Professor David Culler, co-PI
(culler@cs.berkeley.edu, 510-643-7572)

Professor James Demmel, co-PI
(demmel@cs.berkeley.edu, 510-643-5386)

University of California at Berkeley
Computer Science Division


EM3D

EM3D, a model 3D electromagnetic simulation, has been optimized for SMPs. This application operates on an irregular, linked-list bipartite graph structure. Most of the performance improvement is gained from modifying the data structure of the E and H nodes (the two parts of the bipartite graph), which were originally represented in a linked list, to be multiple arrays of each field in the node structure, which results in an increased cache hit rate. Also changing the implementation of the synchronization barrier from mutex and condition variables in the POSIX thread library to a faster assembly routine which uses Compare-and-Swap instruction improved the performance.

Multigrid Solver for Irregular Grids

We have spent much of this quarter scaling our multigrid solver implementation, and can now solve 2.5 x 10^6 degrees-of-freedom (dof) finite element problems with about 60 processors on the SP3 at Argonne National Lab (ANL). We have also continued to refine our method to improve the robustness and performance of the code. Our method scales well, i.e. the number of iterations required is fairly constant for finite element problems even with large jumps in material coefficients and on geometries with thin shell types of structures (we currently only work with 8 node "brick" elements).

We have also continued to investigate methods for using our solver in the solution of indefinite matrices that arise from constrained problems implemented with Lagrange multipliers. This problem is a primary concern of the ALE3D group as well as being a fundamental problem in computational mechanics.

SuperLU

We have continued to work on designing a version of SuperLU, our parallel sparse Gaussian elimiation algorithm, for distributed memory machines. The big bottleneck in making the current sequential and shared-memory codes work on distributed memory is their need for fine grain communication, synchronication, and load balancing, as well as their use of a 1D data layout. To overcome these problems, we have decided not to pivot dynamically. This will let us statically layout the data in a 2D fashion, load balance it, and schedule the communication, i.e. enjoy all the benefits of parallel sparse Cholesky. But not pivoting dynamically requires several techniques to retain stability. These include prepivoting to put large entries on the diagonal, setting tiny pivots to larger values and correcting later either with the Sherman-Morrison-Woodbury formula or iterative refinement, and use of mixed precision (higher precision when there is pivot growth). Initial experiments indicate that these techniques can retain stability in nearly all cases of interest.

High Performance Sparse Matrix-Vector Multiplication.

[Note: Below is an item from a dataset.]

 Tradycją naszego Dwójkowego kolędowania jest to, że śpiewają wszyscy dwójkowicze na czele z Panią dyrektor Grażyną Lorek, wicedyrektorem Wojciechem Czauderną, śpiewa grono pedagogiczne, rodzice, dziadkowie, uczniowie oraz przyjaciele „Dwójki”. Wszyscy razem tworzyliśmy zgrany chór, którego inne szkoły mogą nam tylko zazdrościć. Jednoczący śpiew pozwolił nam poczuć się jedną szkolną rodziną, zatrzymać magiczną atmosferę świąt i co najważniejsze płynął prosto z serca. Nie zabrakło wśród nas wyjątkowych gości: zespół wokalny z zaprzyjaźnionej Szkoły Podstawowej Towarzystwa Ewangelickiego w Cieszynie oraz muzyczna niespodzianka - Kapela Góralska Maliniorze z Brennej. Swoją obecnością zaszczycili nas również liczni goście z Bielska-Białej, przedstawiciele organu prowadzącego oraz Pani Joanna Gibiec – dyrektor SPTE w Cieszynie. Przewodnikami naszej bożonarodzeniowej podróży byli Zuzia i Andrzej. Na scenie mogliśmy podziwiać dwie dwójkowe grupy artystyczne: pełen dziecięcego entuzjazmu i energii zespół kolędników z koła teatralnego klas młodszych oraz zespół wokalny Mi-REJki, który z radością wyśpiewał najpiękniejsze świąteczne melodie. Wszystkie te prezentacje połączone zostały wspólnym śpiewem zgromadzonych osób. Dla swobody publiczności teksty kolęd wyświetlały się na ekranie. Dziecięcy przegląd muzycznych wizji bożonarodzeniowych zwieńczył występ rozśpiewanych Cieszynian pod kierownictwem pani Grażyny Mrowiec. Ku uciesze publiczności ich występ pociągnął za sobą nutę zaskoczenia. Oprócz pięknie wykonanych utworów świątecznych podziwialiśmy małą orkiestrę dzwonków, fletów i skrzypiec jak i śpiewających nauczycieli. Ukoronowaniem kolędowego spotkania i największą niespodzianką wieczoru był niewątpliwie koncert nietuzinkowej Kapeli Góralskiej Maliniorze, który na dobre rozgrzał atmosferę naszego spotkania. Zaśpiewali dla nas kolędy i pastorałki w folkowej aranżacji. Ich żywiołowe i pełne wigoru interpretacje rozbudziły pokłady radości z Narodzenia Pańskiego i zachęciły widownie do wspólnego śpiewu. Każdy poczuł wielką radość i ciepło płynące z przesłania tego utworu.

We are working towards developing high performance sparse matrix-vector multiply codes for CLUMPs. Sparse matrix-vector multiplication is a core part of many applications --- including large scale iterative and eigenvalue solvers. Although much work has been done on optimizing sparse matrix vector multiplication for uniprocessors and distributed memory machines, there has been less work on optimizations for SMPs and CLUMPs. Preliminary tests on a single SMP show that careful partitioning is necessary not only on distributed memory machines, but also between the nodes of one SMP. In addition, on a single SMP, the single processor performance appears to be a bottleneck. We plan to continue tests on SMPs and CLUMPs, and also to work on improving single processor performance.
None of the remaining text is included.